Updated on 2024-10-29 GMT+08:00

Creating a Service Deployment Phase

Description

This phase integrates capabilities of ModelArts service management to enable service deployment and update in a workflow. The application scenarios are as follows:

  • Deploying a model as a web service
  • Updating an existing service (gray update supported)

Parameter Overview

You can use ServiceStep to create a service deployment phase. The following is an example of defining a ServiceStep.

Table 1 ServiceStep

Parameter

Description

Mandatory

Data Type

name

Name of a service deployment phase. The name contains a maximum of 64 characters, including only letters, digits, underscores (_), and hyphens (-). It must start with a letter and must be unique in a workflow.

Yes

str

inputs

Inputs of the service deployment phase.

No

ServiceInput or ServiceInput list

outputs

Outputs of the service deployment phase.

Yes

ServiceOutput or ServiceOutput list

title

Title for frontend display.

No

str

description

Description of the service deployment phase.

No

str

policy

Phase execution policy.

No

StepPolicy

depend_steps

Dependent phases.

No

Step or step list

Table 2 ServiceInput

Parameter

Description

Mandatory

Data Type

name

Input name of the service deployment phase. The name can contain a maximum of 64 characters, including only letters, digits, underscores (_), and hyphens (-), and must start with a letter. The input name of a step must be unique.

Yes

str

data

Input data object of the service deployment phase.

Yes

Model list or service object. Currently, only ServiceInputPlaceholder, ServiceData, and ServiceUpdatePlaceholder are supported.

Table 3 ServiceOutput

Parameter

Description

Mandatory

Data Type

name

Output name of the service deployment phase. The name can contain a maximum of 64 characters, including only letters, digits, underscores (_), and hyphens (-), and must start with a letter. The output name of a step must be unique.

Yes

str

service_config

Configurations for service deployment.

Yes

ServiceConfig

Table 4 ServiceConfig

Parameter

Description

Mandatory

Data Type

infer_type

Inference mode. The value can be real-time, batch, or edge. The default value is real-time.
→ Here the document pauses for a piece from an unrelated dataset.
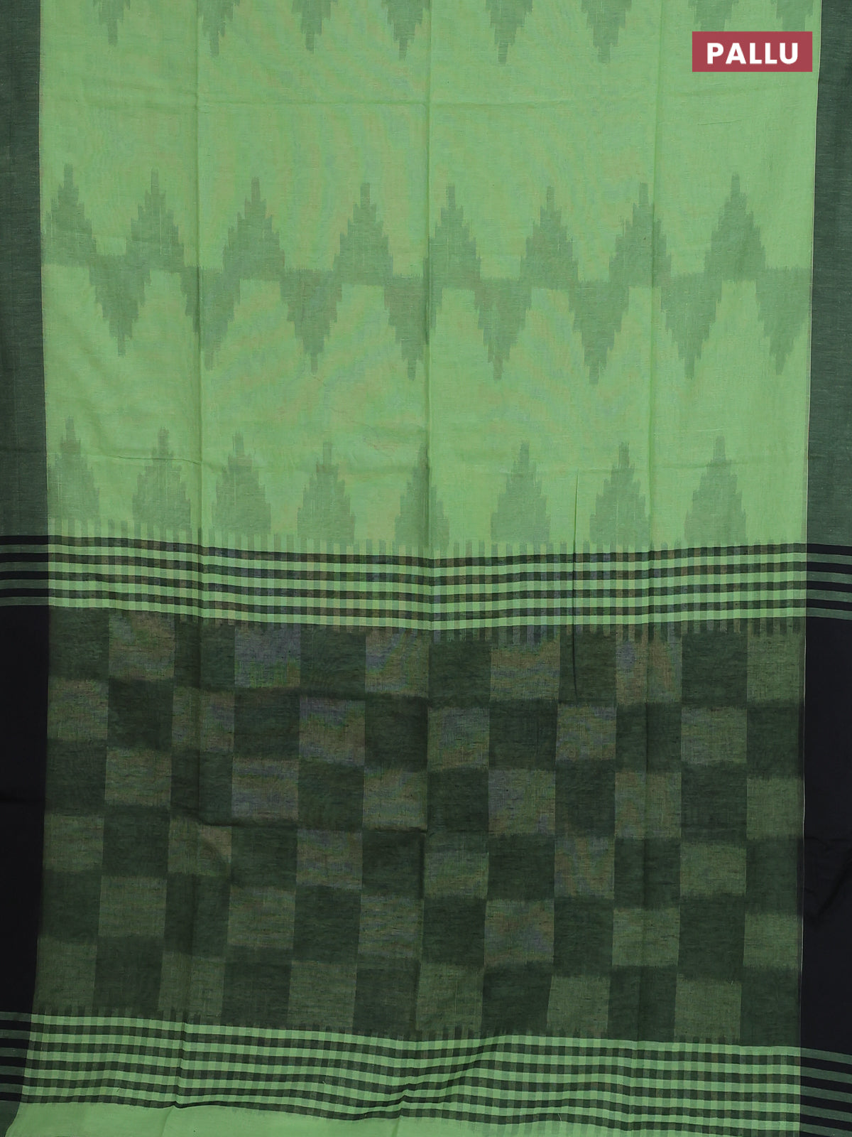 Bengal soft cotton saree pista green and black with allover weaves and simple border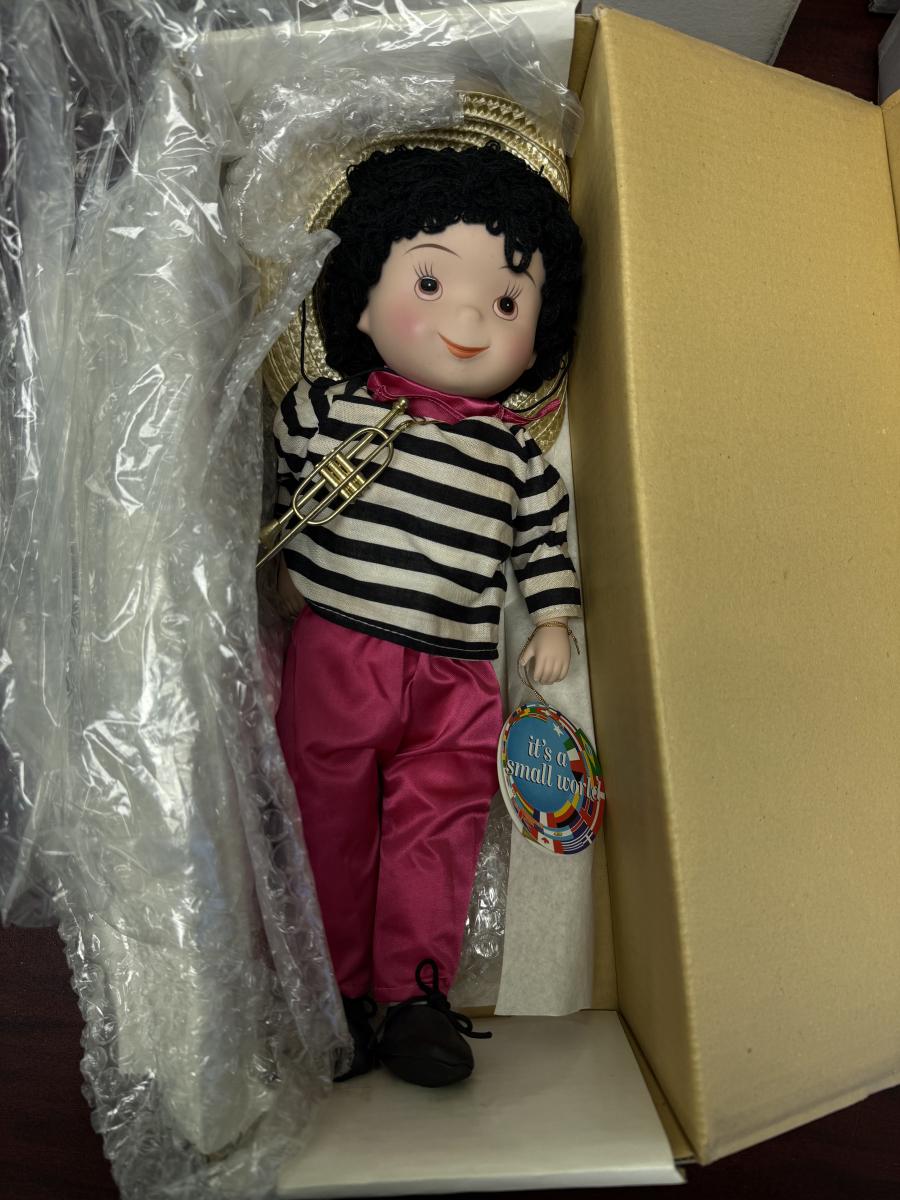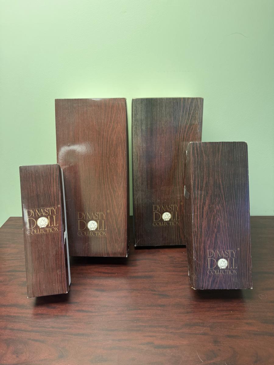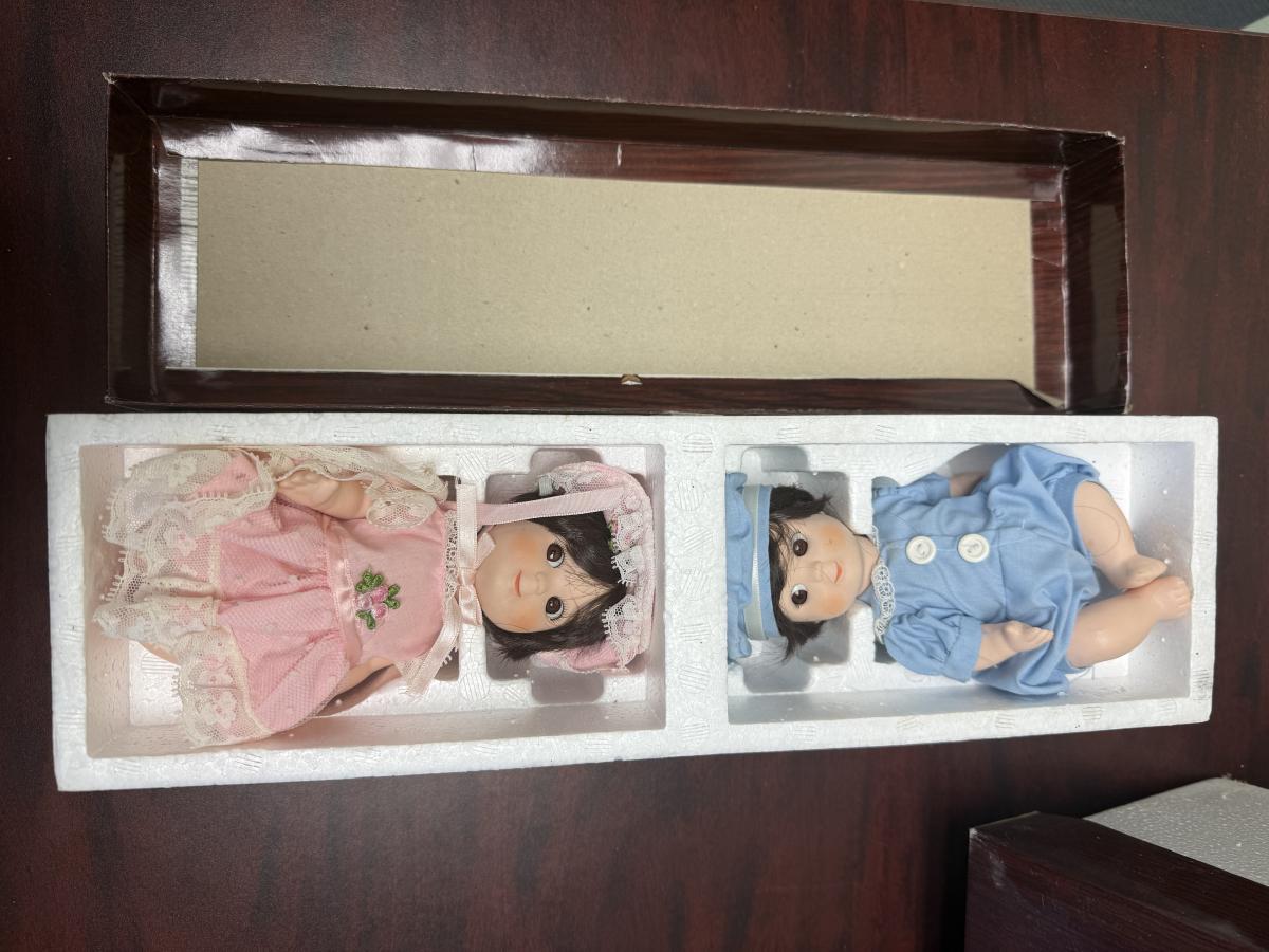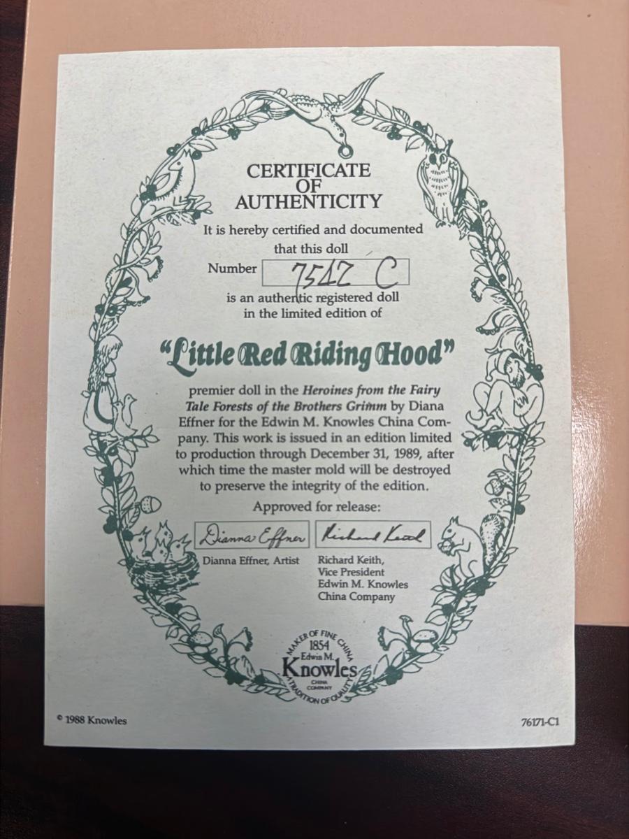 LOT 86S: Collection of Vintage Boxed Porcelain Dolls - Goebel US It's a Small World, Dynasty Doll Collection, Edwin M Knowles Little Red Riding Hood, Amanda & Rebeccah - some w/ COAs

  • real-time: real-time service. The model is deployed as a web service.
  • batch: batch service. A batch service can perform inference on batch data and automatically stops after data processing is completed.
  • edge: edge service. A model is deployed as a web service on an edge node through IEF. You must create an edge node on IEF beforehand.

Yes

str

service_name

Service name. Enter 1 to 64 characters. Only letters, digits, hyphens (-), and underscores (_) are allowed.

NOTE:

If you do not specify this parameter, the default service name is generated automatically.

No

str, Placeholder

description

Service description, which contains a maximum of 100 characters. By default, this parameter is left blank.

No

str

vpc_id

ID of the VPC to which a real-time service instance is deployed. By default, this parameter is left blank. In this case, ModelArts allocates a dedicated VPC to each user, and users are isolated from each other. To access other service components in the VPC of the service instance, set this parameter to the ID of the corresponding VPC. Once a VPC is configured, it cannot be modified. If both vpc_id and cluster_id are configured, only the dedicated resource pool takes effect.

No

str

subnet_network_id

ID of a subnet. By default, this parameter is left blank. This parameter is mandatory when vpc_id is configured. Enter the network ID displayed in the subnet details on the VPC management console. A subnet provides dedicated network resources that are isolated from other networks.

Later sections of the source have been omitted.